Валера считал, что деньги нужны для того, чтобы тратить. Не жалел их ни для себя, ни для других. Шахнарович и его жена Вита вспоминали, что когда у них возникли финансовые проблемы, Валера ненароком заезжал, а они потом под скатертью находили купюры. Знал, что предложи он помощь в открытую, они бы взять постеснялись.
Валера был перфекционистом во всем. Как-то я собралась купить на кухню дешевую отечественную плиту и два дня слушала крики, что он больше ни петь не будет, ни жить со мной. В итоге купили итальянскую. Плиту привезли незадолго до Нового года. Валера ходил словно вокруг елки и, довольный, крутил ручки.
Не могу сказать, что, оказавшись у меня под крылом, Ободзинский стал образцово-показательным.

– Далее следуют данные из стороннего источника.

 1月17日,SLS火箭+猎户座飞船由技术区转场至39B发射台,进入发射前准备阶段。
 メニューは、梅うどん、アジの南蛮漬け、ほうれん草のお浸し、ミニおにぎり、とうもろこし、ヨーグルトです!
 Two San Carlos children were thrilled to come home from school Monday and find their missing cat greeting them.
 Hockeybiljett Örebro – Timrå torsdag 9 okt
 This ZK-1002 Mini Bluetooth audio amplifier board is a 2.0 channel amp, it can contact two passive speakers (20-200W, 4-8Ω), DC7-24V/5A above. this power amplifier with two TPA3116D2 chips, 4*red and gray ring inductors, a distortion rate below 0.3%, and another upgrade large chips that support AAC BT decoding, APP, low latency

Завязав с таблетками, Валера по-прежнему любил иногда выпить. А если выпивал, его тянуло на свободу. Видно, сказывалось беспризорное детство. Находил повод разругаться и уходил из дому. Как-то я переперчила щи. Валера, как обычно не попробовав, добавил еще перцу, после чего устроил скандал и хлопнул дверью.

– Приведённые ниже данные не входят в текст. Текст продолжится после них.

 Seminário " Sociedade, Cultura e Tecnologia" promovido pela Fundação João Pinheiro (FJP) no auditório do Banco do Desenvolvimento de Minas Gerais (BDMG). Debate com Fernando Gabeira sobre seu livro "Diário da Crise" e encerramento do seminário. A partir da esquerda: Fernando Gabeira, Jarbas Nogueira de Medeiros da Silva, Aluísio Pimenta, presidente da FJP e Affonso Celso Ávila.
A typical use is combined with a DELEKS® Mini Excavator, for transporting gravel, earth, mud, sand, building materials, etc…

Или надоедает ему слушать мои уговоры:
— Сходи на телевидение, тебя пригласили... Запиши новую песню...
— Достала ты меня, Анна! — скажет и сбежит.
Лишь однажды доехал до Одессы, обычно далеко не уходил, во дворе гулял. Его все тут знали, обожали и привечали. Вот расстанется он со мной в очередной раз навеки, я выйду во двор, а мне со всех сторон депеши летят — где он, что он.

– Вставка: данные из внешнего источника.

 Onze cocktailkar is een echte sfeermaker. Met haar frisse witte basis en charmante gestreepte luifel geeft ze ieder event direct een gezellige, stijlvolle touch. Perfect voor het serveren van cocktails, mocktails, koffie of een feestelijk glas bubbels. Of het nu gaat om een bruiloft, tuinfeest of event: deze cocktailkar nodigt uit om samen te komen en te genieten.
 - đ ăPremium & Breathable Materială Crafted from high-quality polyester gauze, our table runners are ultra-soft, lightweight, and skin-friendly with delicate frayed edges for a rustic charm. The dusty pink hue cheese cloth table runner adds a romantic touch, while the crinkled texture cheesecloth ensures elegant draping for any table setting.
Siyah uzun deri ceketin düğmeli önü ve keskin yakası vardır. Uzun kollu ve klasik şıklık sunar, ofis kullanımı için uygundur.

Нагуляется Валера и начинает меня по телефону на свидания вызывать:
— Приходи на чердак в соседний дом.
— Может, домой вернешься?
— Нет, иди туда.
Видимо, с чердаком у него были связаны какие-то романтические воспоминания юности. Там мы помиримся, поцелуемся и возвращаемся домой.
В другой раз снова обидится, исчезнет, а потом звонит:
— Деточка, я приду помыться?
— Давай.
Ванну примет, чистое наденет и уйдет к очередному приятелю. На следующий день опять прибежит мыться. Потом мытье происходит уже три раза на дню.
— Валер, может, хватит? — не выдерживаю я. — Детский сад какой-то!
Для местных жителей Ободзинский был светом в окошке. Как-то утром выхожу, дружки его интересуются:
— Как там наш Кобзон?
— Что, уже Ободзинский выговорить не можете? Спит Кобзон.
Валеру обожали, он жил здесь как в заповеднике. Мог вообще не работать, потому что его и покормят, и напоят. Однажды мы поругались. Денег в доме нет — не заработал. Вот я и давай наезжать: мол, мужик он или нет? «Да не кричи ты», — сказал и убежал куда- то.
Через пятнадцать минут прибегает с полной сумкой продуктов — чего там только нет.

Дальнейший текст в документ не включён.